(Records drawn from a dataset)
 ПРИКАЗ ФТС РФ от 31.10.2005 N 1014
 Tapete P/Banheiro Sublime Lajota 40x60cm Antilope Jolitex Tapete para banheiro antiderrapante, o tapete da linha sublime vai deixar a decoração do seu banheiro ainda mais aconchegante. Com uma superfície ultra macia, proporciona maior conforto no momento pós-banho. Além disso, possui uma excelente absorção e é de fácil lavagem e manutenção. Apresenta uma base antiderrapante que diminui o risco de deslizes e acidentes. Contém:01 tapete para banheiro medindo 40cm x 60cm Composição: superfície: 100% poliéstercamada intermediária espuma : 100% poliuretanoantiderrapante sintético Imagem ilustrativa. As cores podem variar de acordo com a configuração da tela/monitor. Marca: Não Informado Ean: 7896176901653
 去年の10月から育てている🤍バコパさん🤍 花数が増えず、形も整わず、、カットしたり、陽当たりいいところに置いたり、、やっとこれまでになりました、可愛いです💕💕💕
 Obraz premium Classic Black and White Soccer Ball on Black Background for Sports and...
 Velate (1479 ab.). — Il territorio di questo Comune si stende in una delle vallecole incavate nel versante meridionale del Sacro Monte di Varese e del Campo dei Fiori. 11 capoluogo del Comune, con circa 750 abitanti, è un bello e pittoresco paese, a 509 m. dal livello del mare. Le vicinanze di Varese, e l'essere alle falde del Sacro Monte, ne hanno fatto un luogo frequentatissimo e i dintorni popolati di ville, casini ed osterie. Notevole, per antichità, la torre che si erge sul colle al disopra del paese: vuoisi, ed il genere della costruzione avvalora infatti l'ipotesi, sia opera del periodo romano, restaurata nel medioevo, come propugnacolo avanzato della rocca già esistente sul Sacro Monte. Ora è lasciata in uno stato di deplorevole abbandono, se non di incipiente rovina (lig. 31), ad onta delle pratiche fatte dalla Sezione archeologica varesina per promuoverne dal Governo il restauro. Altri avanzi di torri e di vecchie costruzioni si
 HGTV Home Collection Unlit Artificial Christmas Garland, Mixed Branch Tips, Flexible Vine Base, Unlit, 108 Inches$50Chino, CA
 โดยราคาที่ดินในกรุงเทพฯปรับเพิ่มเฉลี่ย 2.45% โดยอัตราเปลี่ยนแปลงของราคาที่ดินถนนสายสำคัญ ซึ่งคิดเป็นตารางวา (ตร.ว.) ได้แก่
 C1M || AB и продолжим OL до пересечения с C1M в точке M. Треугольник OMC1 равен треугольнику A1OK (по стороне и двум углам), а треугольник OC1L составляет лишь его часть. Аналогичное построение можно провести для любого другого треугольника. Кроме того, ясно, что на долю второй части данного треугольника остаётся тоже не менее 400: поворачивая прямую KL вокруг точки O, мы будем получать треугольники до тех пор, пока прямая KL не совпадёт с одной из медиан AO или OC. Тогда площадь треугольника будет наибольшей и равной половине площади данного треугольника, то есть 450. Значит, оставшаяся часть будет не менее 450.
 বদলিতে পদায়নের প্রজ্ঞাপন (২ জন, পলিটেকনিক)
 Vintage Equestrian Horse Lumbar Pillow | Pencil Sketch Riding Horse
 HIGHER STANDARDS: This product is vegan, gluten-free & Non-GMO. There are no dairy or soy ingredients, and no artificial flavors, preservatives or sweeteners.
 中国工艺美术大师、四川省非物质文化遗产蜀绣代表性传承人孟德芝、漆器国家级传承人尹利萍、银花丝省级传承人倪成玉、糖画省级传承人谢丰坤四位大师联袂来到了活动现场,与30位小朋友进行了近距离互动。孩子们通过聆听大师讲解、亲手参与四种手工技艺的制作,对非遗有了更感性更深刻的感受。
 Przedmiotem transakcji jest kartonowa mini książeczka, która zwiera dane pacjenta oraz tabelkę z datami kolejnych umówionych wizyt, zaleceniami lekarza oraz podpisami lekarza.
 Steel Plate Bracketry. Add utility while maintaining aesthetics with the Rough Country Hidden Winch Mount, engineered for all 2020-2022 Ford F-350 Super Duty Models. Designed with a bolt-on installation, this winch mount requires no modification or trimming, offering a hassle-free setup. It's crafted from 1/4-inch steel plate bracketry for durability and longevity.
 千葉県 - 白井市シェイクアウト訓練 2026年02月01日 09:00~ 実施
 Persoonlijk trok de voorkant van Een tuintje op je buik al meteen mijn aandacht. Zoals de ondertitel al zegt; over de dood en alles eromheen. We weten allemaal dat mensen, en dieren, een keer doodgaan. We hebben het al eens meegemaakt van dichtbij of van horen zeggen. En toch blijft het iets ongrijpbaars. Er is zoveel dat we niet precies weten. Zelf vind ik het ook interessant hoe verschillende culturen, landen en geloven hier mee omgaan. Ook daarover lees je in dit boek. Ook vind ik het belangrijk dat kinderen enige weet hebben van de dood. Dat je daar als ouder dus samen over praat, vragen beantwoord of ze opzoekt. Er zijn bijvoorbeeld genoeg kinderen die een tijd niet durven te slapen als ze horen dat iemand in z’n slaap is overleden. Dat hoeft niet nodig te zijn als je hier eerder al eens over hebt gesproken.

TASK INSTRUCTIONS
From the entries above, copy every line containing the word "free".

ANSWER TO THIS PROBLEM
 HIGHER STANDARDS: This product is vegan, gluten-free & Non-GMO. There are no dairy or soy ingredients, and no artificial flavors, preservatives or sweeteners.
 Steel Plate Bracketry. Add utility while maintaining aesthetics with the Rough Country Hidden Winch Mount, engineered for all 2020-2022 Ford F-350 Super Duty Models. Designed with a bolt-on installation, this winch mount requires no modification or trimming, offering a hassle-free setup. It's crafted from 1/4-inch steel plate bracketry for durability and longevity.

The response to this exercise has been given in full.